The language of these sections of the UCJ and No Fault laws as well as their obvious mutuality, point to a clear legislative intent that the Fund is not to withhold PIP payments until insured drivers, potentially liable for injuries resulting from an accident, have been so found.
*603Some point might be made of the fact that Section 86.1 requires the UCJ to pay when PIP benefits “would be payable ... if personal injury protection coverage were in force and the damages resulting from such accident or death are not satisfied.” (Emphasis supplied.) The use of the word “damages” instead of “benefits” could be misread as requiring an effort to collect damages before PIP benefits become payable. A fair reading of the entire passage, however, makes it clear that “damages” refers to PIP benefits since the passage continues by conditioning the failure to satisfy damages upon the fact of “personal injury protection coverage not being in effect____”
Pearman
Pearman held that N.J.S.A. 39:6-70 applied to claims made against the UCJ. For that reason the Fund is not obliged to pay if a responsible driver, e.g., one that is insured, is involved in the accident. The court based its opinion on the following analysis: Section 86.1 of the UCJ permits only a “person qualified” to receive such payments. A footnote to the section refers to “the entire” UCJ law. Consequently, the court found, a “person qualified”, in order to be qualified, must satisfy all conditions imposed by the UCJ law, including the conditions imposed by Section 70, one of which is that the person responsible for the accident must be uninsured.

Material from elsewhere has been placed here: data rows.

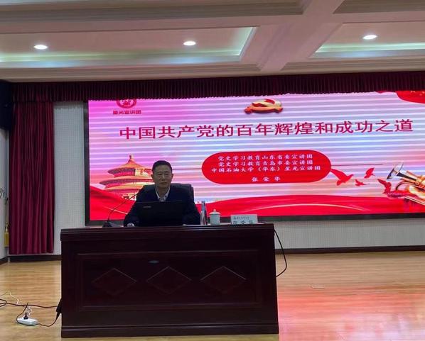 山东省委党史学习教育宣讲团成员、Beat365中文官方网站教授、博士生导师张荣华以“中国共产党的百年辉煌和成功之道”为题作党史学习教育专题报告。在报告中他总结了中国共产党的百年苦难辉煌历程,指出百年征程波澜壮阔,百年初心历久弥坚,中国共产党百年历史的主题和主线始终是争取民族独立、人民解放和实现国家富强、人民幸福。在报告中,张荣华教授将中国共产党百年奋斗历史划分为四个历史时期,分别讲述四个时期中国共产党带领中国人民取得的辉煌成就,并从“科学引领、政治制度、中国道路、自我革命精神以及人民群众”等方面总结了中国共产党的成功之道。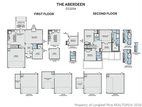 The Aberdeen home plan is a 2-story home that offers several options to fit the need of any family! This home features a spacious great room that flows seamlessly into the eat-in kitchen for a warm, open layout. Off the foyer, a flexible home office with a walk-in closet can serve as a bedroom, while a nearby half bath adds convenience. The kitchen includes an island, "Azul Platino" granite countertops, white shaker cabinets, horizontal picket ceramic tile backsplash, a corner pantry, a breakfast area with rear porch access, and stainless steel appliances including a microwave, dishwasher, and smooth top range. The private primary suite showcases French door access to an adjoining nursery, and an en-suite bath featuring a dual quartz sink vanity, walk-in shower, private water closet, linen closet, and walk-in closet. Upstairs, two additional bedrooms share hall access to a laundry room and a full bathroom with a vanity and tub/shower combo. LVP flooring runs throughout the first-floor main living areas. Exterior highlights include low-maintenance vinyl siding with board and batten accents, dimensional roof shingles, and a front door painted in SW "Cyberspace" with smart keypad entry. This Energy Plus certified home includes a two-car garage, fiber optic internet availability, and is backed by a 1-2-10-year builder in-house warranty.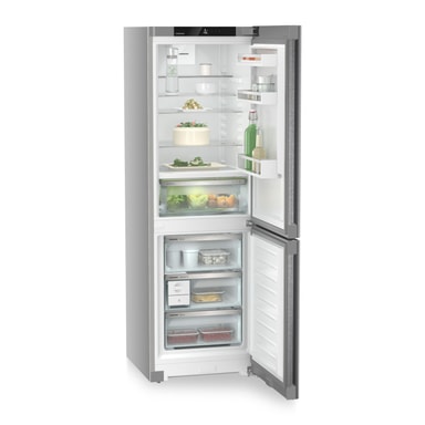 Liebherr CBNsda 5223-22 001 køle-/fryseskab i rustfrit stål byder på BioFresh-teknologi for længere friskhed, 320 liters nettovolumen i køleskabet, justerbare hylder og smart home-kompatibilitet i et elegant 185,5x59,7 cm design.Læs mere om produktet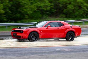 A szlalomban az a poén, hogy a bóják egyik oldalán száraz aszfalton tapadnak a kerekek, a másik oldalukon nedves gyantán csúsznak. A talaj változó, a pilóta menet közben alkalmazkodik: könnyű elhinni, hogy jót fog a gumi az aszfalton, aztán jön a meglepetés, hogy mennyire nem akar megtapadni a locsolt műgyantán. A kezdeti meglepetést már néhány kör után rutin váltja, és a lényeg is pont itt van: a vezetéstechnikai tréning felkészít ezekre a helyzetekre, így a sofőr pánik helyett megfelelő reakcióval válaszolhat.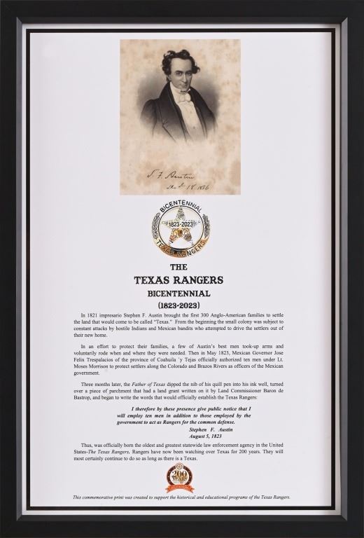 2023 Framed commemorative print, 13 x 20, with Stephen F. Austin print (1831). Sold to benefit the Texas Ranger Museum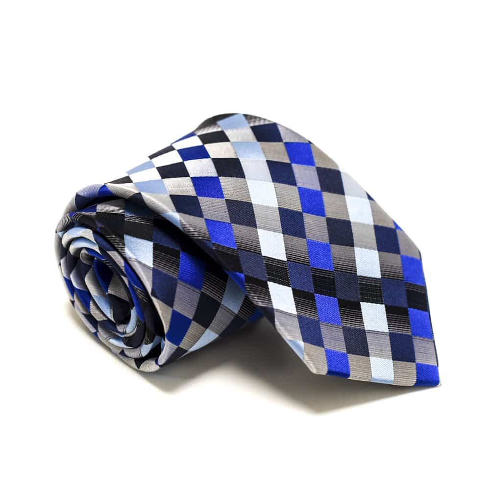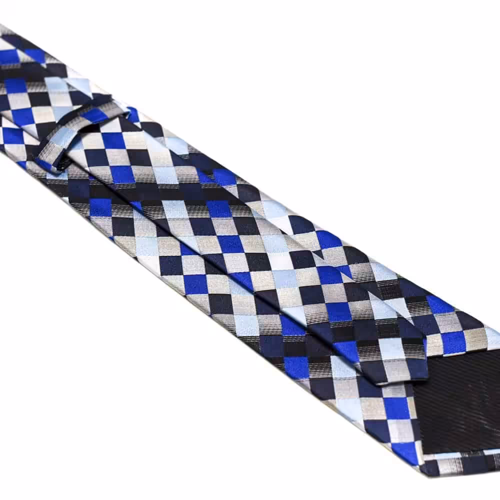 Dette slips med grå og blå farver giver et råt og køligt udtryk til et klassisk jakkesæt i sort med tilhørende hvid skjorte!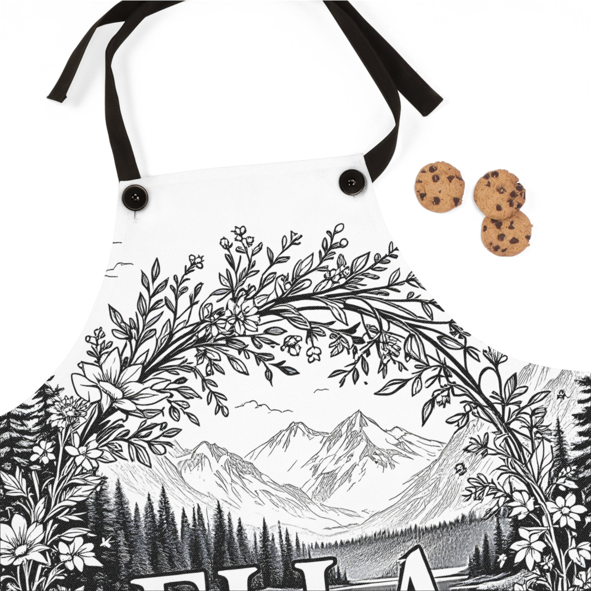 - Embrace tranquility with our 'Ella' apron, featuring a serene black and white floral wreath against a mountain and lake backdrop, perfect for nature-loving art enthusiasts.

This reasoning was buttressed by an analysis of the words “person qualified”. N.J.S.A. 39:6-62 provides that a resident of this State is a “qualified person” within the UCJ law. Section 86.1 reverses these words, using “person qualified.” Pearman finds this reversal significant: “If the Legislature had meant that a party seeking to recover PIP benefits under N.J.S.A. 39:6-86.1 need only be a “qualified person” pursuant to the definition in N.J.S.A. 39:6-62, they would have used those exact words.” (185 N.J.Super. at 401) It held that the reversal “was designed to incorporate all of the pre-1972 claim requirements into the 1972 amendment.” (Id.)
These conclusions are contrary to the No Fault—UCJ concepts contained in the report of the Study Commission and in *604the 1972 statutes themselves, as pointed out above. They do not effectuate legislative intent. The use of a footnote to bring the entire UCJ law into the meaning of Section 86.1 clearly overemphasizes the weight to be given a simple reference. The word reversal, read reasonably, is merely grammatical. For example, the beginning of that section is: “When any person qualified to receive payments____” It could not acceptably read: “When any qualified person to receive benefits____”
When L.1972, c. 198 is read as a whole, one finds that the Legislature used “person qualified” in Section 7 (39:6-86.1) but used “qualified person” in Section 9 (39:6-86.3), which refers back to Section 7 and used the latter phrase again (twice) in Section 11 (39:6-86.5). It is hard to believe that the Legislature would attach a difference in meaning as significant as that suggested by Pearman to a mere transposition of words, especially one which is not uniform.
For these reasons, this court must disagree with Pearman. Frederick is entitled to be paid the PIP benefits which he claims on presentation of proper proofs.